Clucene Chinese Word Segmentation

Source: Internet
Author: User

Clucene is C ++ version of Lucene, which can be downloaded from clucene-a c ++ search engine recent research information.

One week after reading Lucene in arction, I officially started to investigate clucene in middle July. Since the Chinese characters cannot be retrieved in the demo examples, I collected information about the Chinese word segmentation of clucene on the Internet, there are three main findings:

1. Character delimiter set problems:

Project Settings: must be set to use Unicode Character Set.
When ANSI is used, Chinese characters overlap with the encoding of other languages. When analyzing texts, it is difficult to determine whether a char is half a Chinese character, or whether the first half is half a Chinese character. At the same time, clucene supports ucs2 encoding, so the VC project is directly set to use Unicode Character Set.

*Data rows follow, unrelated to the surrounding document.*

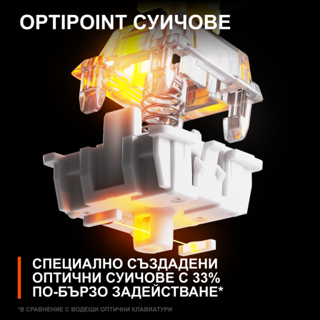 Бъди по-бърз от опонентите си. Иновативните оптични бутони OptiPoint реагират мигновено на промените в светлината и в комбинация с точката на задействане от 1 мм ще ти спечелят първото място.
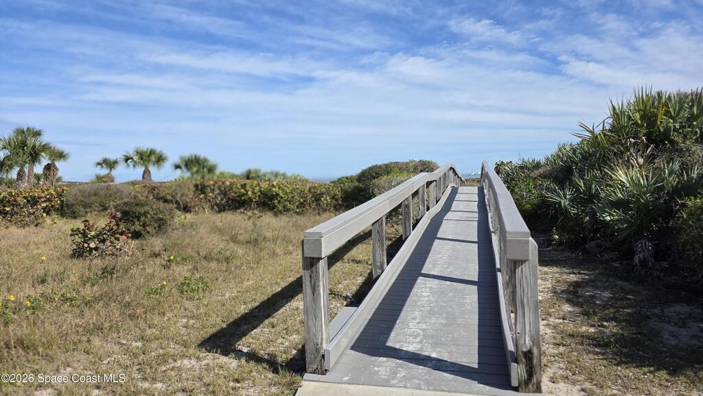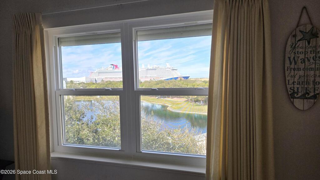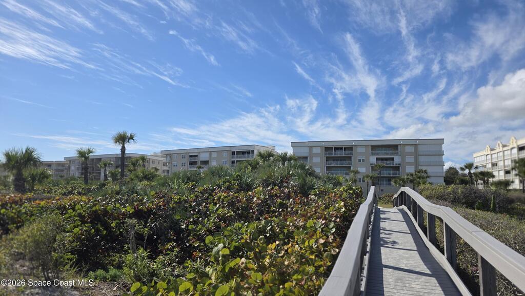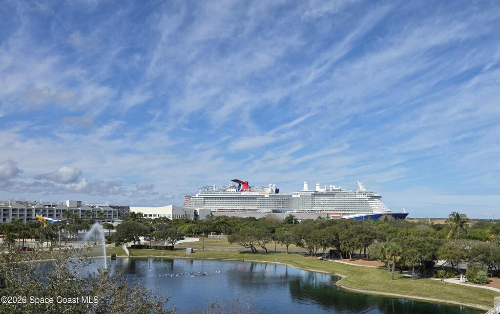 Wow!! Check out that view! Sit on the shaded rear balcony with a automatic rolldown shade and gaze over Port Canaveral. See all the cruise ships, rocket launches, sunrise and sunsets right from your lounge chair. You may even catch sight of a submarine! This beachfront community of Shorewood has a heated pool, hot tub, sauna, gym, community room with kitchen, outdoor bbqs, games & a library! This is a lovely 2 bed 2 bath 5th floor unit with a side beach view from the front walkway. Home has a large open layout, with washer/dryer in the unit. Home has a large kitchen and spacious bathrooms. Spend your afternoon playing pickleball, then run your car through the super convenient car wash on your way to the Port for dinner in one of the many local restaurants. Jetty park is super close by as well. No shortage of fun with this home! Come check it out today!
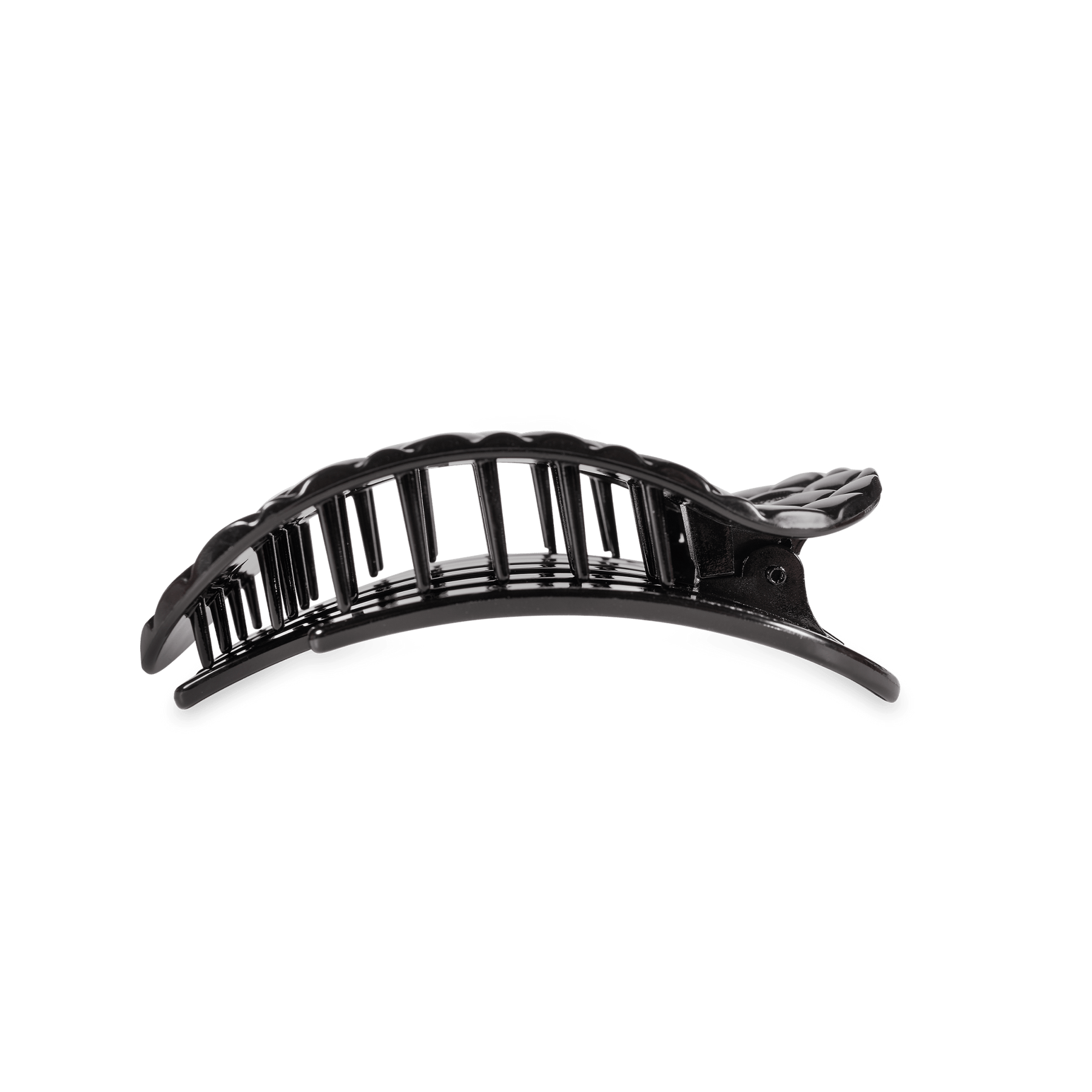 Lay flat and relax with the new TELETIES Jet Black Quilted Medium Flat Round Hair Clip in Black. This hair clip is designed to allow you to lay back flat, do yoga, or sit comfortably in a seat with a headrest, and it is made with the same material that is nearly unbreakable. Lay down flat with comfort Bendable teeth for a secure yet gentle hold Lightweight, durable, and suitable for all hair types Perfect for all-day wear—from sunup to sundown The medium size is 3.75 inches long.

The corresponding byte function is changed: \ SRC \ clucene \ util \ Misc. cpp, line 76's MISC: _ cpychartowide Function
This function is used in clucene to convert a char string to a wchar_t string. However, encoding is not considered in the original code. Therefore, conversion from ANSI to ucs2 is invalid, you need to modify it to the multibytetowidechar function using the Windows API.

2. Add Chinese Word Segmentation:

There are two main directions: 1), \ SRC \ clucene \ analysis \ Standard \ standardtokenizer. cpp
This class implements the most basic text splitting function, including English Word Segmentation and digital extraction. Although CJK word extraction is included, it is not perfect. Improve standardtokenizer: readcjk to process Chinese functions. 2) Add a new chinesetokenizer. CPP is used to process Chinese word segmentation. 3) Chinese Word Segmentation Method: 2. Based on the dictionary matching method, determine the appropriate method as needed. The more complicated the problem, the better.

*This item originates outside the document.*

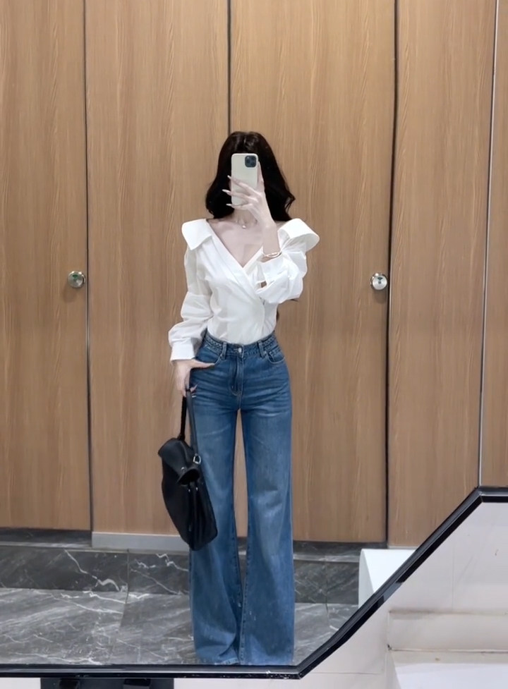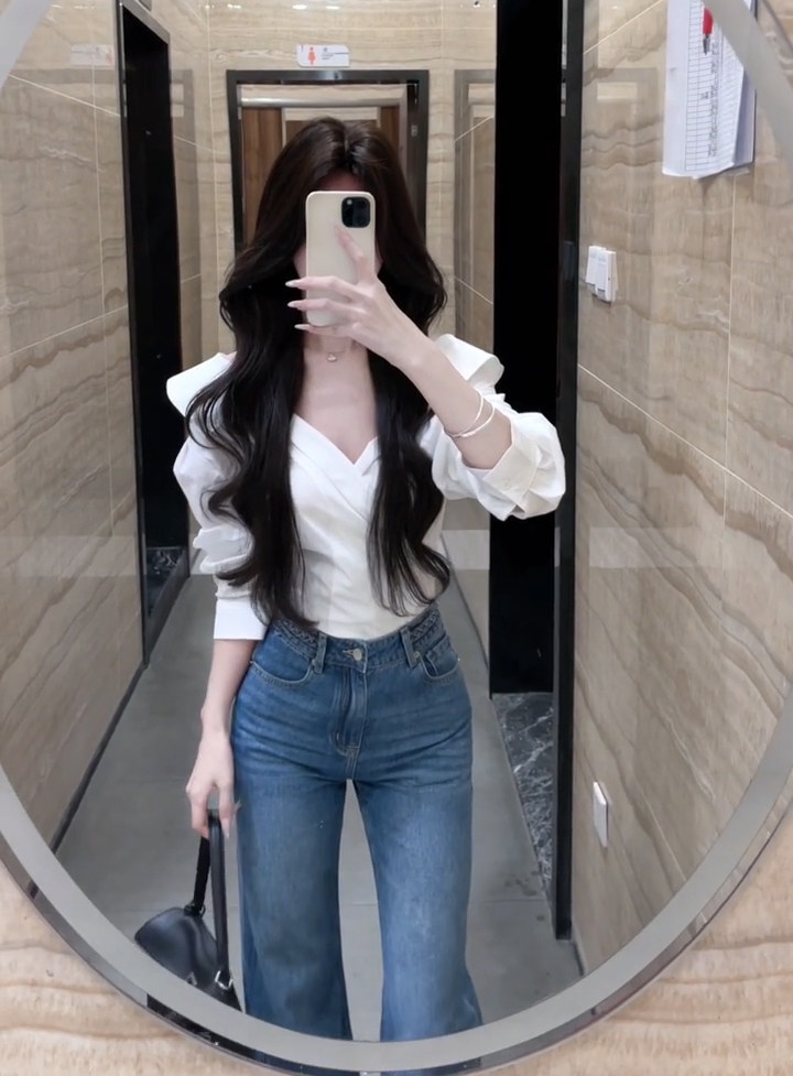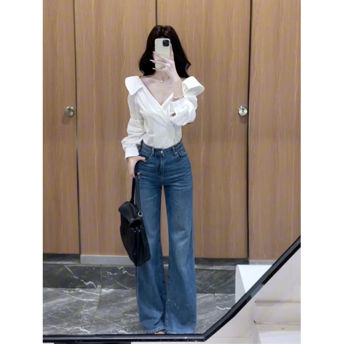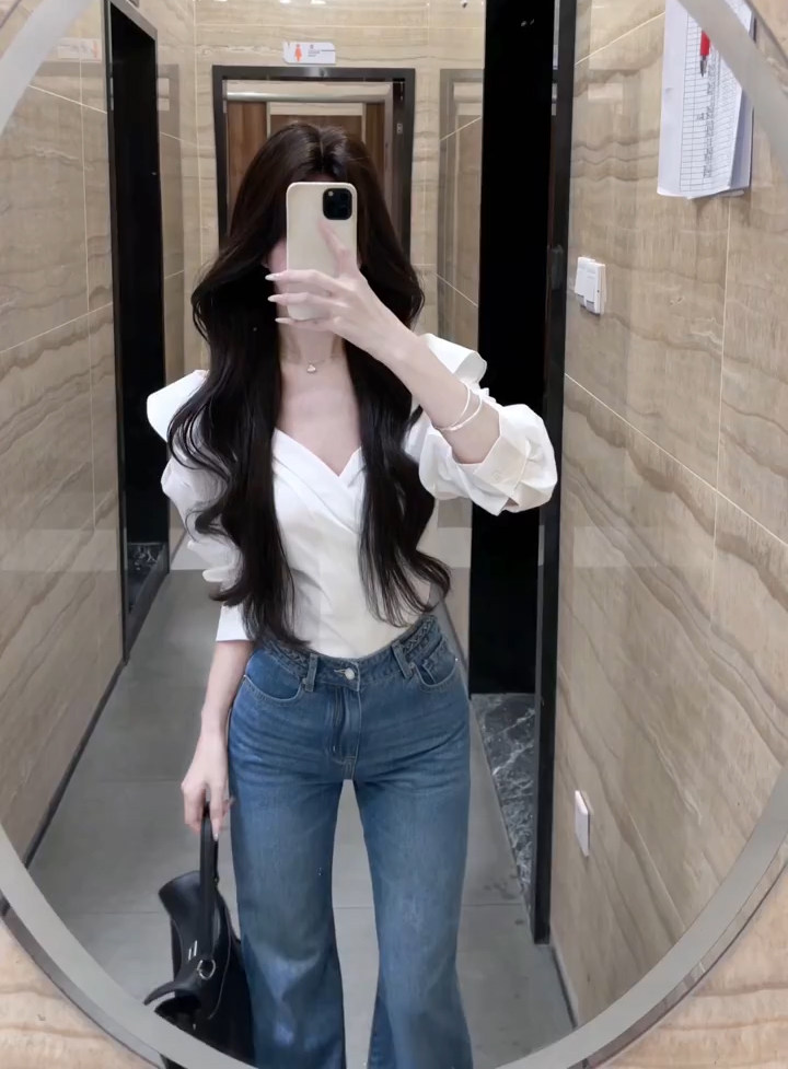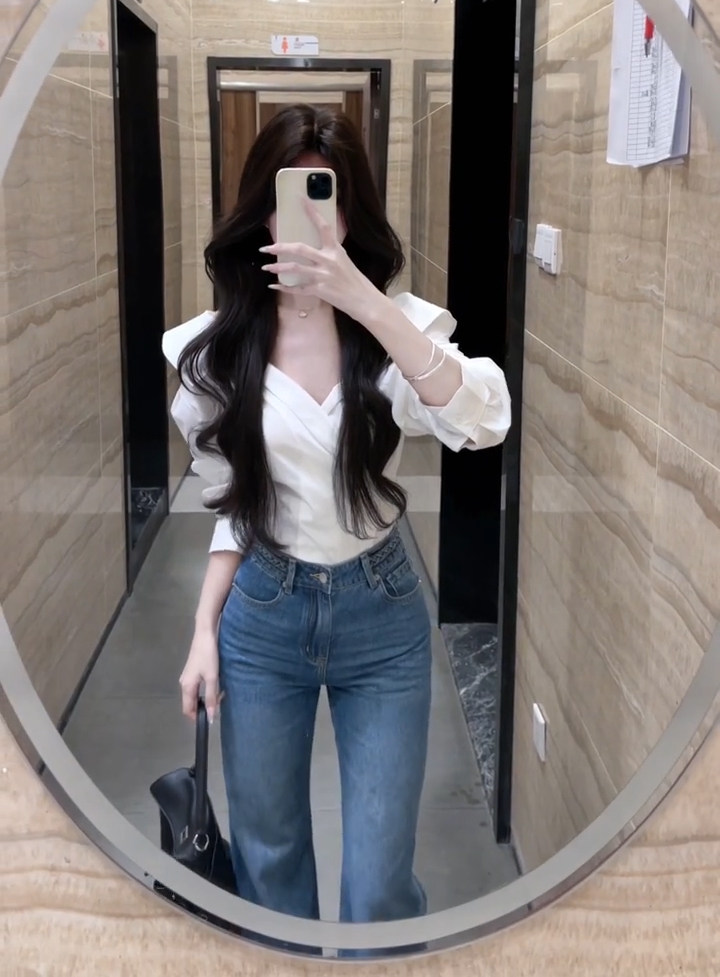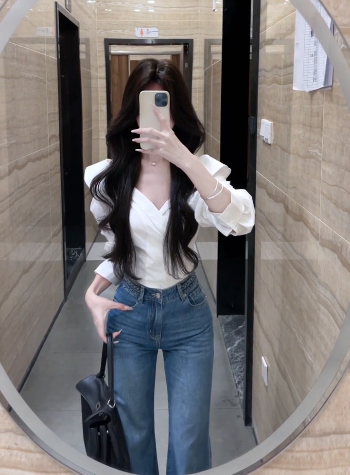 法式獨特超好看單穿白色繙領長袖襯衫高級小資氣質小上衣2025秋季

It took me about two weeks to track the index creation and Query Process in clucene. In the end, I only changed a few lines of code to implement a simple 2-Word Segmentation Method and implement Chinese search.

Detailed URL Information:




NextArticleVery good. I have elaborated on the system architecture and some object hierarchies, which will help you to have a deep understanding of Lucene and recommend it to you.

Open Source code Full-text retrieval engine of javasehttp: //

For Chinese word segmentation, the requirements are generally relatively simple and do not need to be too complicated. You can try it at will. For large systems, after all, speed is very important.

Contact Us

The content source of this page is from Internet, which doesn't represent Alibaba Cloud's opinion; products and services mentioned on that page don't have any relationship with Alibaba Cloud. If the content of the page makes you feel confusing, please write us an email, we will handle the problem within 5 days after receiving your email.

If you find any instances of plagiarism from the community, please send an email to: and provide relevant evidence. A staff member will contact you within 5 working days.

A Free Trial That Lets You Build Big!

Start building with 50+ products and up to 12 months usage for Elastic Compute Service

  • Sales Support

    1 on 1 presale consultation

  • After-Sales Support

    24/7 Technical Support 6 Free Tickets per Quarter Faster Response

  • Alibaba Cloud offers highly flexible support services tailored to meet your exact needs.